5. Where the allegations made in the FIR or complaint are so absurd and inherently improbable on the basis of which no prudent person can ever reach a just conclusion that there is sufficient ground for proceeding against the accused. 6. Where there is an express legal bar engrafted in any of the provisions of the Code or the concerned Act (under which a criminal proceeding is instituted) to the institution and continuance of the proceedings and/or where there is a specific provision in the Code or the concerned Act, providing efficacious redress for the grievance of the aggrieved party. 7. Where a criminal proceeding is manifestly attended with mala fide and/or where the proceeding is maliciously instituted with an ulterior motive for wreaking vengeance on the accused and with a view to spite him due to private and personal grudge.” 10. In view of the above referred decision of the Hon'ble Apex Court, the case of the petitioner does not satisfy the criteria/parameters broadly described by the Hon'ble Apex Court for exercise of powers under Section 482 of the Code. Hence the writ petition filed by the petitioners deserves to be rejected. 11. Likewise, so far as Revision application filed by the complainant, it appears that there is no substance in the arguments advanced by the learned counsel for the complainant, as the learned court below after careful consideration of the materials on record rightly and properly took cognizance of the offence punishable under Sections 147, 149, 323, 304 and 120-B of the IPC and in accordance with law.

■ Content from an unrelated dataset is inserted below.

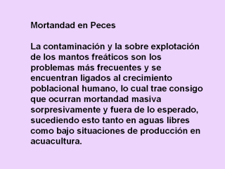 algunas preguntas típicas son: . Dónde y cuándo fue descubierta la mortandad? . Cuál es el tamaño y profundidad del estanque? . Cuál es el origen del agua? . Qué temperatura tiene el agua? . Qué tipo y cantidad existe de vegetación acuática? . Se conocen aplicaciones agrícolas recientes o riego de estiércol líquido animal? . Se han presentado tormentas eléctricas o clima cálido y nublado recientemente? . Fue sólo una especie de pez en la mortandad? . Qué otras especies están presentes en el estanque? . De qué talla son los peces muertos? . Son peces de ambas, talla grande y pequeña en los muertos? . Qué por ciento es el conteo aproximado del número de muertos? . Dónde se encontraron los peces muertos: en la superficie, en el fondo, en las orillas, en el centro o agrupados? . Aún se están muriendo los peces? . Se les encuentra boqueando en la superficie? . Muestran nado errático o comportamiento anormal? . Presentan heridas abiertas, hemorragias, crecimientos o tumores visibles? . Los peces muertos se les encuentran en el ingreso del agua o cerca a la salida hacia el drenaje? |

Therefore, the revision application filed by the complaint also deserves to be rejected. 12. Learned counsel for the petitioners appearing in W.P. (Cr.) No. 287 of 2009 submitted that a liberty may be given to the petitioners to raise all the points , which have been raised before this Court as well as other points available to them at the time of hearing of the discharge petition that may be preferred by the petitioners. 13. Liberty, as prayed for, is granted. 14. With the aforesaid observations and directions, writ petition being WP(Cr.) No. 287/2009 along with criminal revision being Cr. Rev. No. 500/2009 stands dismissed. 15. Consequently, interim order passed on 1.9.2009 stands vacated. Revision dismissed.